2 stocks that look absurdly cheap right now
With the current stock market bull run now in its ninth year, investors could be forgiven for thinking there were no more stocks available on cheap valuations. But they’d be wrong.
Profits climb skywards
Despite what you might have heard, the market isn’t efficient, and there are always stocks available at bargain prices, if you know where to look that is. Certainly, many stocks on lowly valuations are cheap for a reason, perhaps due to cyclicality, high levels of debt, or simply deteriorating fundamentals.
Nevertheless, previously-popular sectors can often be shunned by the market for no apparent reason with some companies genuinely mis-priced.
British Airways owner International Consolidated Airlines Group (LSE: IAG) may be trading on a bargain valuation, but by no means does that reflect the company’s recent performance. The FTSE 100 group which also owns Spanish airlines Iberia and Vueling, as well as Irish flag carrier Aer Lingus, has seen profits climb skywards over the past few years, overturning a €774m pre-tax loss in 2012, and gradually building up to profits of €2.4bn reported in its last set of full-year results.

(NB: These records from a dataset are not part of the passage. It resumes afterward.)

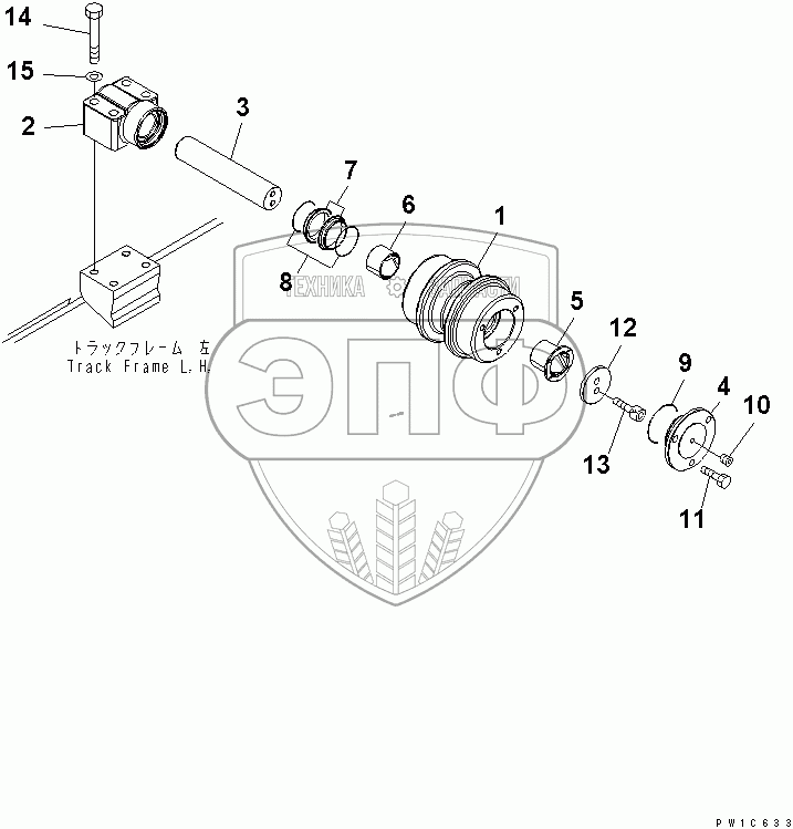 Каталог запасных частей к технике: Komatsu PC300LC-7. CARRIER ROLLER(#45001-45490)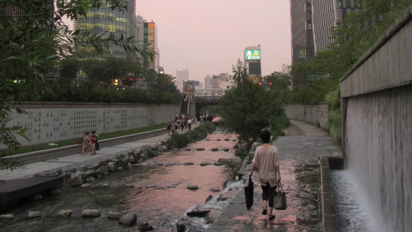 Dazu spaziert ihr durch ein verwinkeltes Gelände mit Torbögen, Wasserläufen, Teichen und Gärten. Wem danach noch nicht die Füße weh tun, sollte unbedingt direkt zum Cheonggyecheon-Fluss weiterlaufen. Der aufwendig renaturierte und 2005 wiedereröffnete Flusslauf zieht sich über mehrere Kilometer durch das Stadtzentrum, bevor er in den großen Hangang müdet. In der Vergangenheit wurde der Cheonggyecheon komplett überbaut und verlief über Jahre unterirdisch. Heute säumt wieder üppiges Grün die Ufer.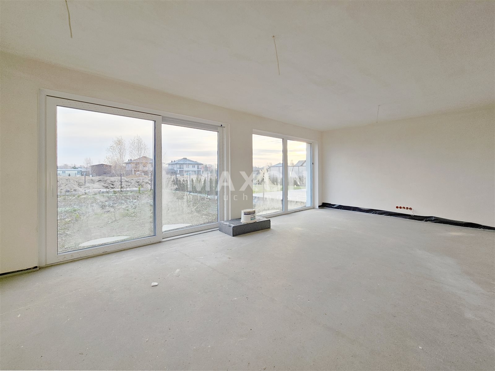 Duże okna w każdym pomieszczeniu zapewniają doskonałe doświetlenie wnętrz oraz nadają bryle nowoczesnego charakteru. Z salonu prowadzi bezpośrednie wyjście na ogród o ekspozycji południowo-zachodniej.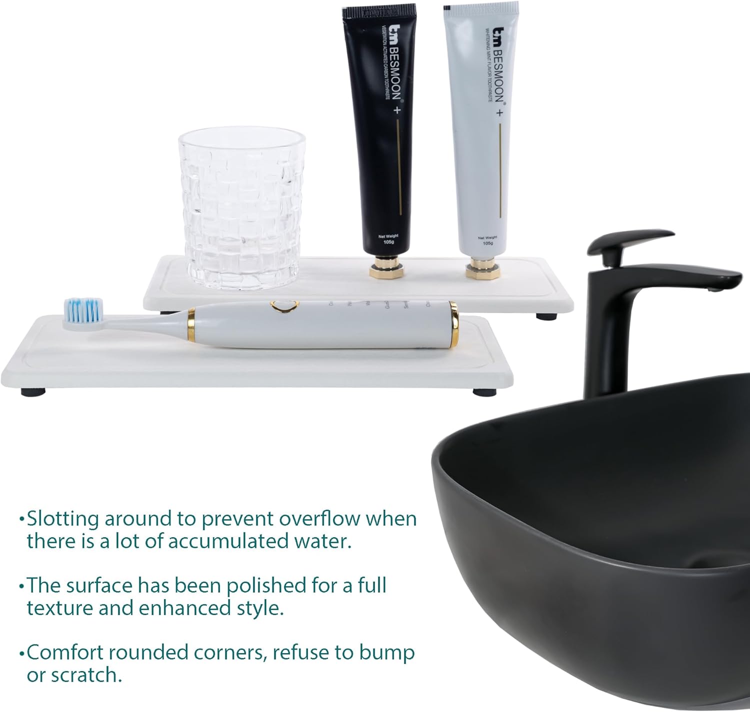 - Perfect Design Created for the Modern Home, to make life clean, comfortable and orderly. Made from natural Diatom mud and plant fiber, small holes within diatomite enable it have amazing water absorption. They could absorb water and gets dry in a few minutes. It makes the Bathroom Counter top more dry and tidy.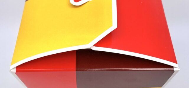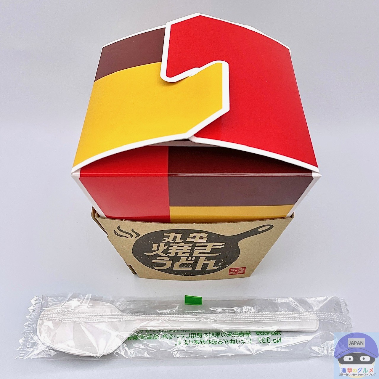 ポップなデザインの専用BOX、熱くても持てるように紙スリーブ付き、バイオマスプラスチックのスプーンも付いています。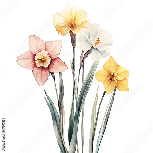 © siyam, Fototapeta premium Watercolor Daffodil Flower Arrangement In Pink Yellow And White On Transparent Background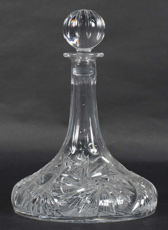 Garrafa de navio de cristal tcheco lapidado. Dita "de navio" pois tem a base larga, o que a impede de tombar com o ba...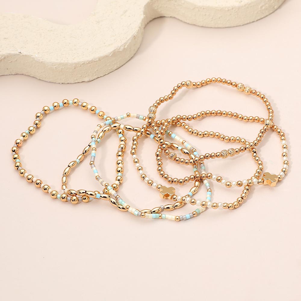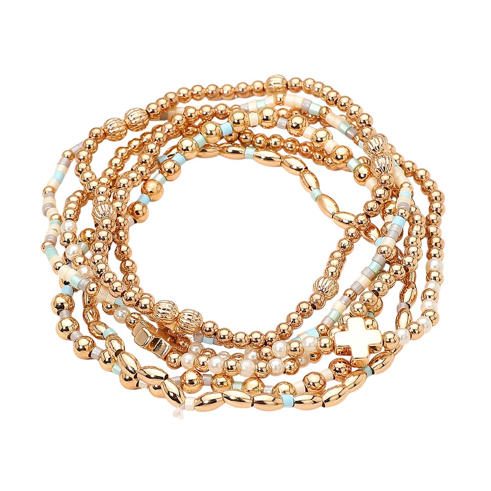 6PCS - Cross Charm Accent Seed Beaded Stretch Multi Layered Bracelets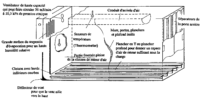 Pour une gestion optimale de la température de transport, les remorques réfrigérées doivent être isolées, avoir un dispositif de réfrigération de haute capacité et avoir un conduit d'arrivée d'air. L'illustration ci-dessous montre ceci et d'autres caractéristiques désirables pour une remorque avec arrivée d'air par le haut.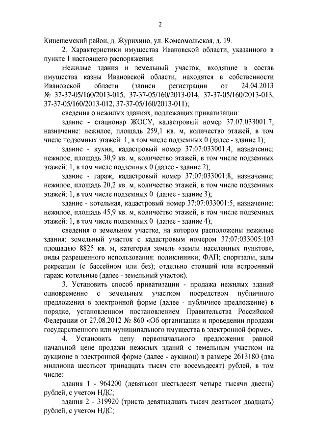 Распоряжение Правительства Ивановской области от 21.11.2022 N 156-рп "Об условиях приватизации нежилых зданий с земельным участком по адресу: Ивановская область, Кинешемский район, д. Журихино, ул. Комсомольская, д. 19, находящихся в собственности Ивановской области"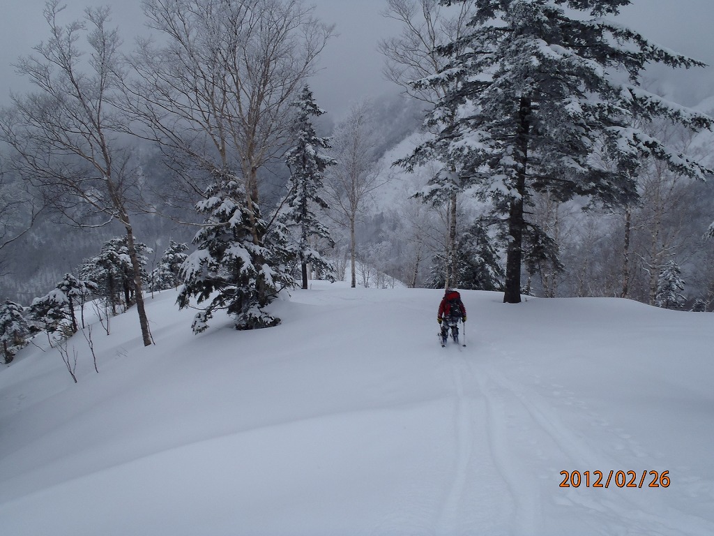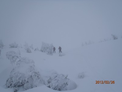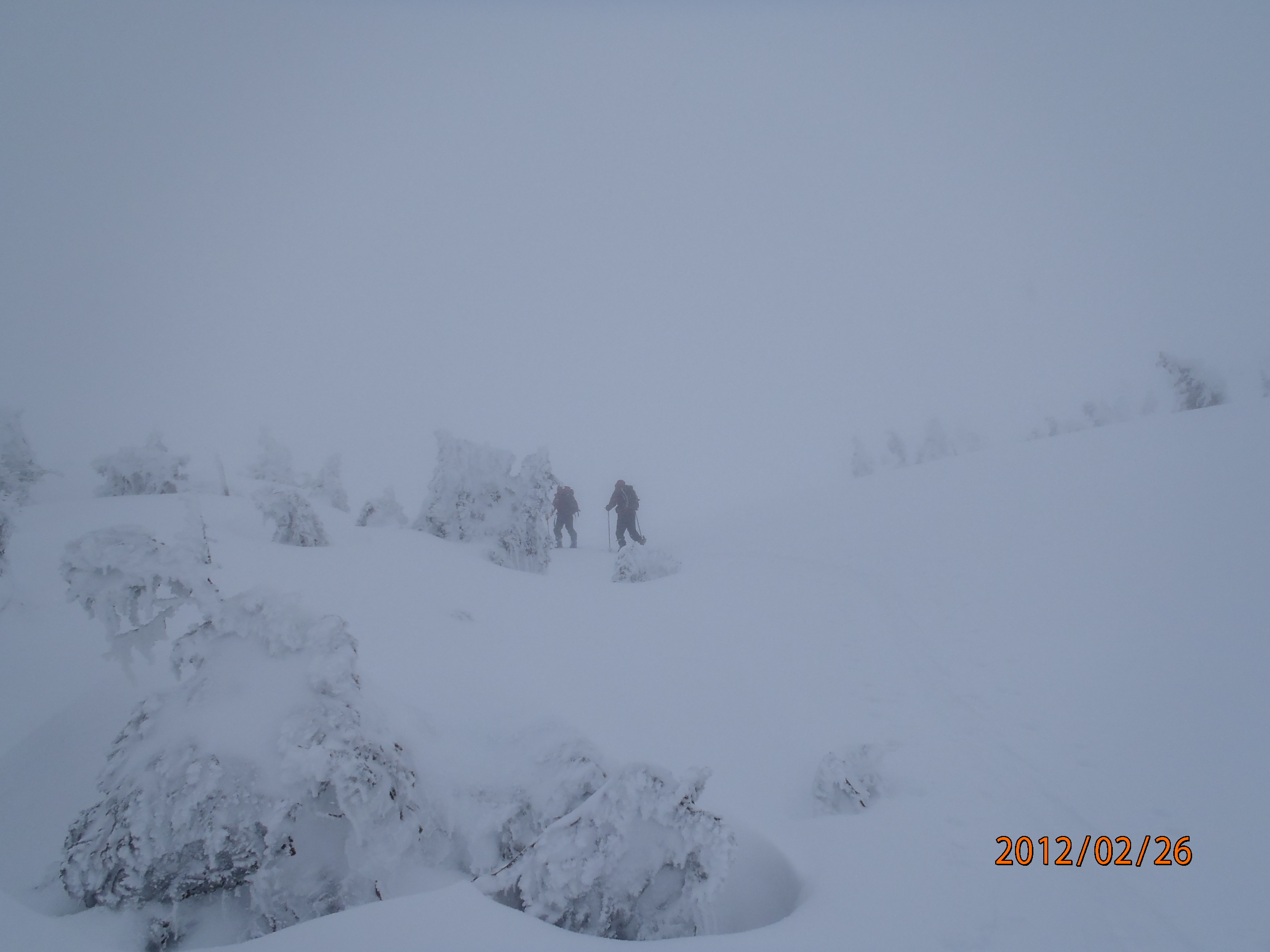 Y田、S井、他2。曇りのち雪。06:00久手牧場~12:05猫岳北方コル2500m地点~14:05久手牧場。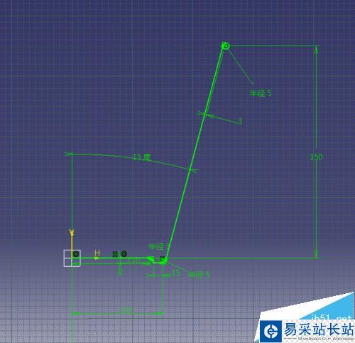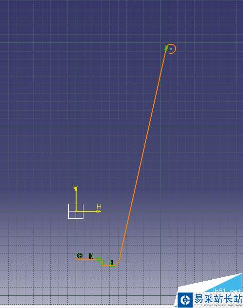 2、選擇YZ平面,選擇輪廓線,繪制一條如下圖的輪廓線。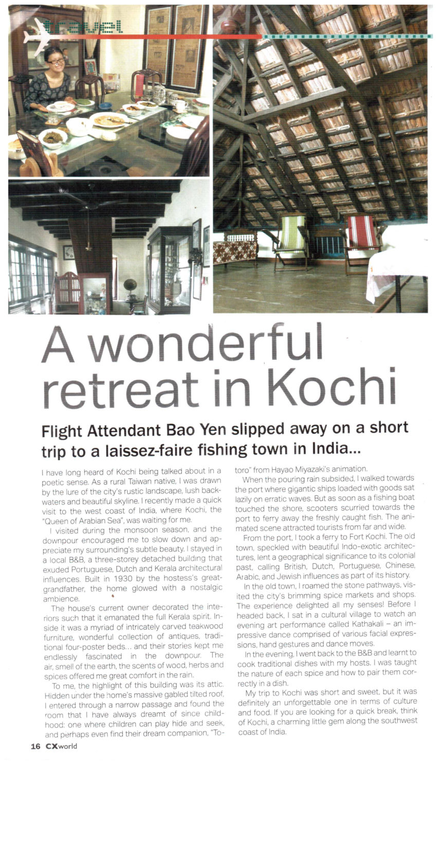 Press Reportclick on the icon for the full story.DNA Travel & LivingIndian Express Sunday MagazineManorama Traveler Page 1Manorama Traveler Page 2Manorama Traveler Page 3Manorama Traveler Page 4IndulgeCathay Pacific Inflight Magazine Awards
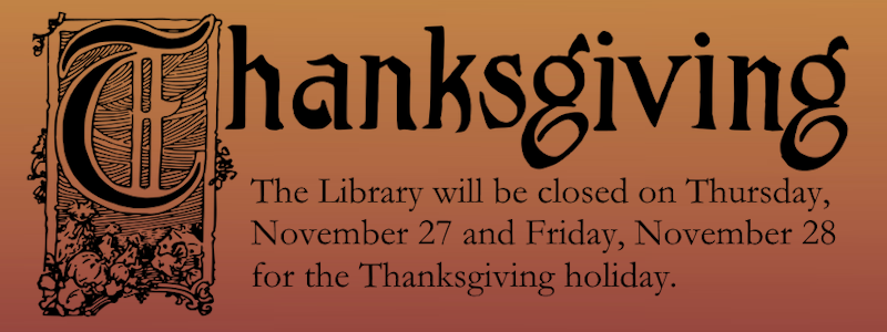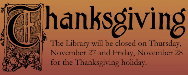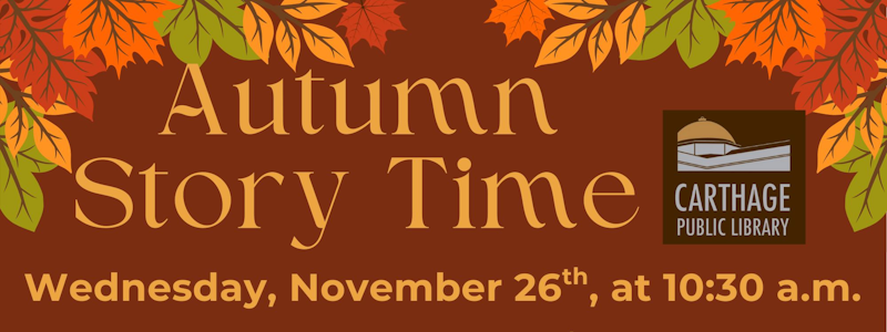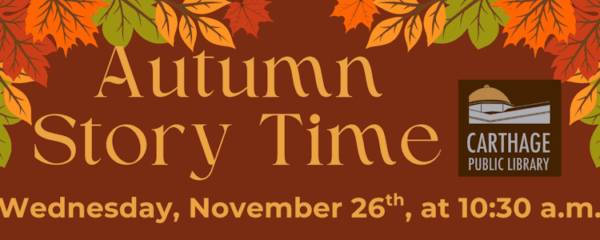 The Carthage Public Library will be closed on Thursday, November 27th and Friday, November 28th for the Thanksgiving holiday.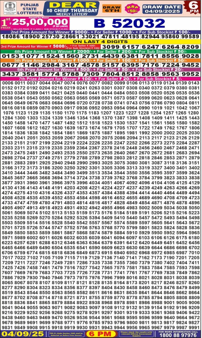 Punjab State Dear 50 6pm Thursday Weekly Lottery Result 04/09/2025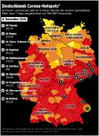Die Zahl der gemeldeten Todesfälle in Zusammenhang mit dem Coronavirus hat einen neuen Höchstwert erreicht. Innerhalb eines Tages übermittelten die deutschen Gesundheitsämter dem Robert-Koch-Institut (RKI) 1188 neue Todesfälle.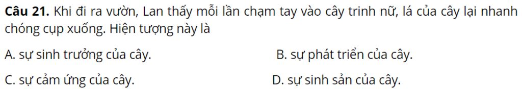 `-` Giải thích : Vì hiện tượng lá cây trinh nữ cụp lại khi có tay ta chạm vào là phản ứng của cây trước tác nhân kích thích của môi trường là hiện tượng cảm ứng của cây.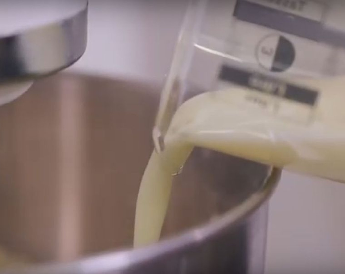 Als nächstes Mehl (500 g), Zucker (100 g), Salz (1 TL), Backpulver (1 2/3 Esslöffel) und Vanille-Extrakt (2 Messerspitzen) in eine Rührschüssel geben und mischen. Butter (200 g) in kleine Stücke schneiden, zugeben und so lange mischen, bis sich Streusel bilden. Danach die Buttermilch (300 ml) zugeben und die Masse kurz zu einem weichen Teig vermengen.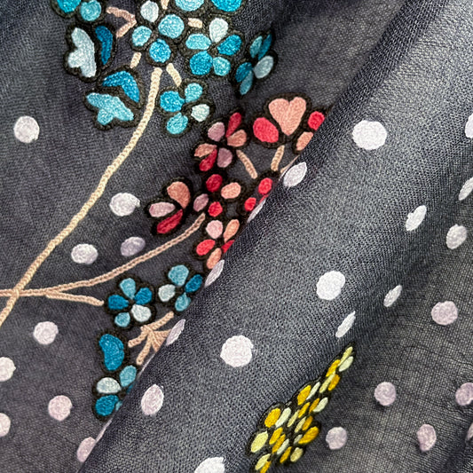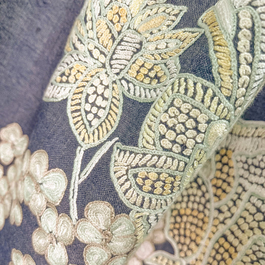 S-WTA2558_0093フラワーモチーフ 薄手ウール&シルク アリー手刺繍ストール (ダークグレー)
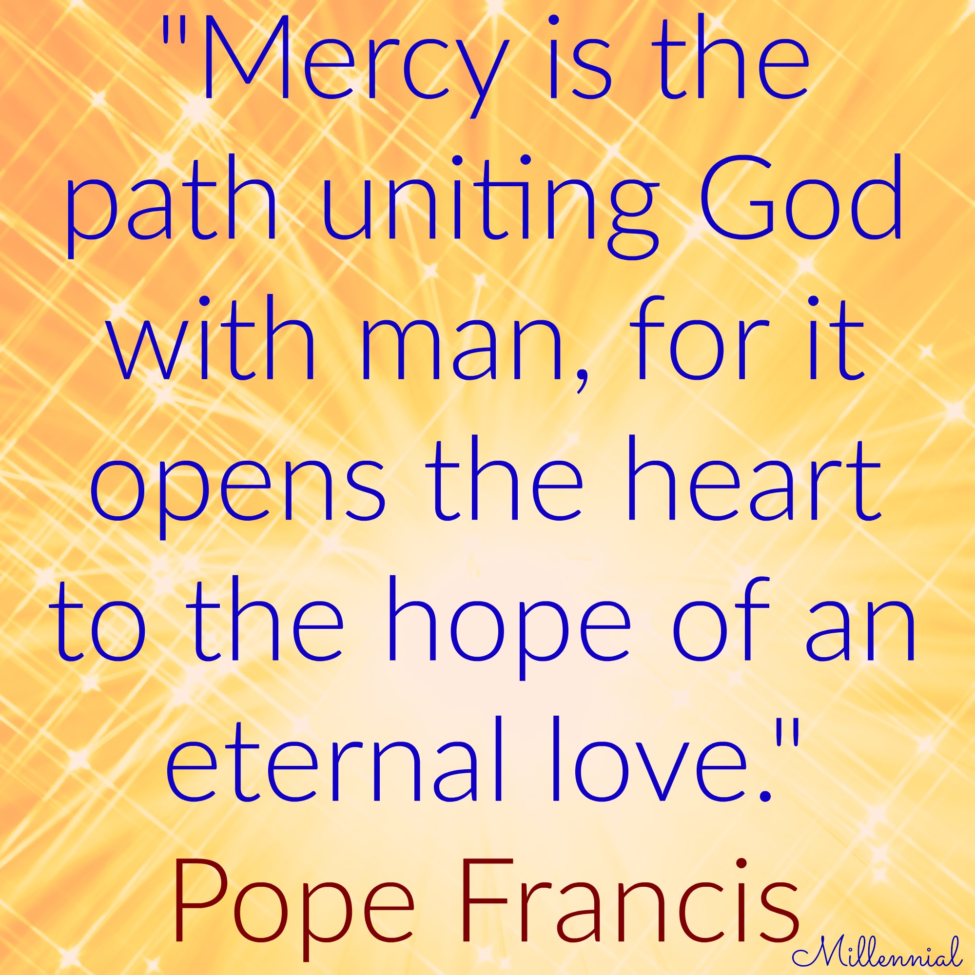 Quote of the Day Pope Francis: “Mercy is the path uniting God with man, for it opens the heart to the hope of an eternal love.” Share this: Click to share on Facebook (Opens in new window) Facebook Click to share on LinkedIn (Opens in new window) LinkedIn Click to share on Threads (Opens in new window) Threads Click to share on Reddit (Opens in new window) Reddit Click to share on Tumblr (Opens in new window) Tumblr Click to share on X (Opens in new window) X Click to share on Bluesky (Opens in new window) Bluesky Click to share on Pinterest (Opens in new window) Pinterest Click to email a link to a friend (Opens in new window) Email Click to print (Opens in new window) Print Like Loading... Related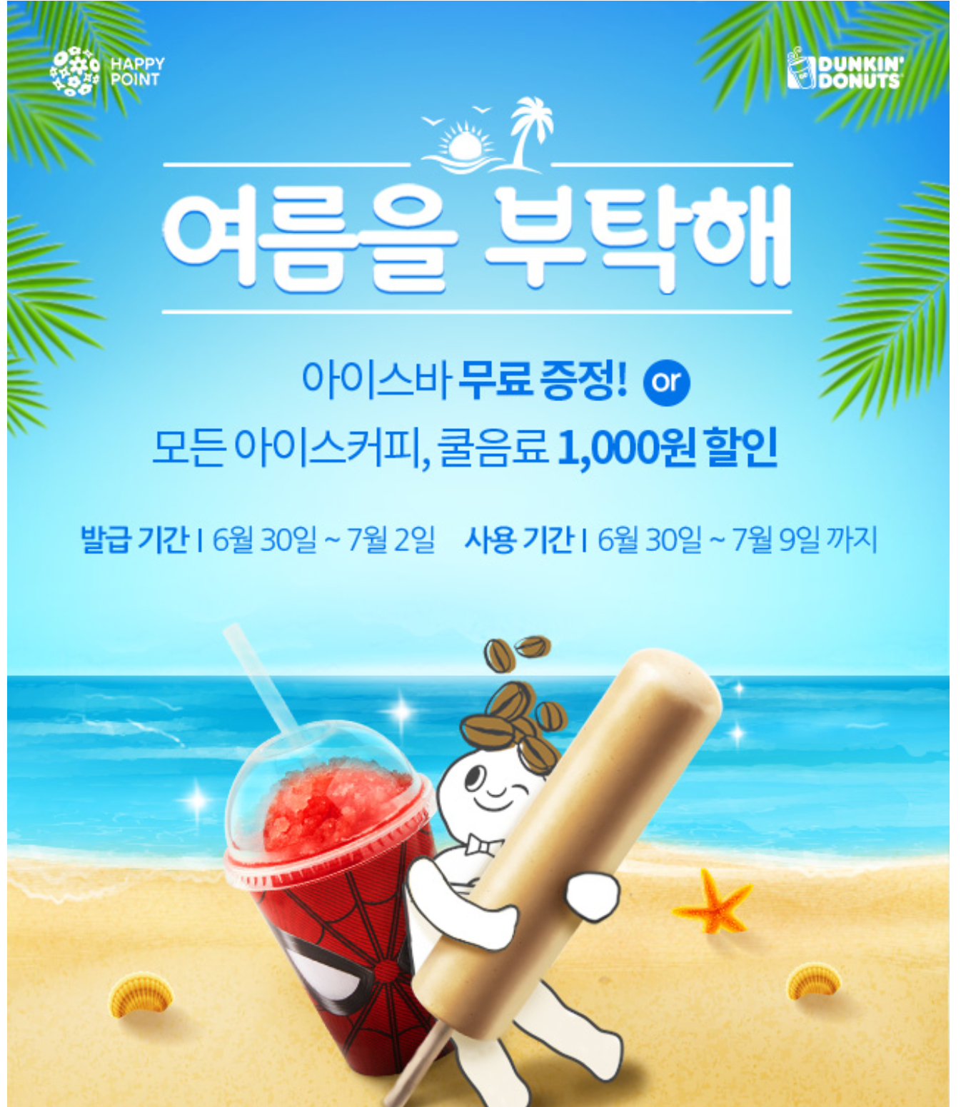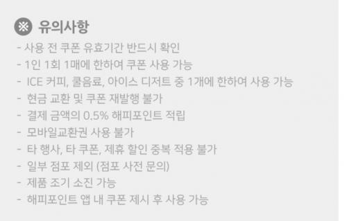 카톡,해피포인트 2개 받았는데 동시에 사용할 수 없나요? 아이스바 없는데 많다고 하니 찬음료 2천원 할인.. | ||

The company’s latest trading update revealed yet another strong quarter with operating profit up 20.7% to €1,455m (before exceptional items), with all the group’s airlines performing well. Passenger unit revenue was up 2.2% at constant currency, boosted by improvements in the Spanish and Latin American markets.
The group’s commercial operations performed well despite underlying disruption from severe weather and terrorism, with the cargo business improving during the quarter due to stronger Asia Pacific demand compared to the previous year. Management is anticipating further improvements in the numbers for the calendar year just ended, with operating profits (before exceptional items) forecast to rise to €3bn.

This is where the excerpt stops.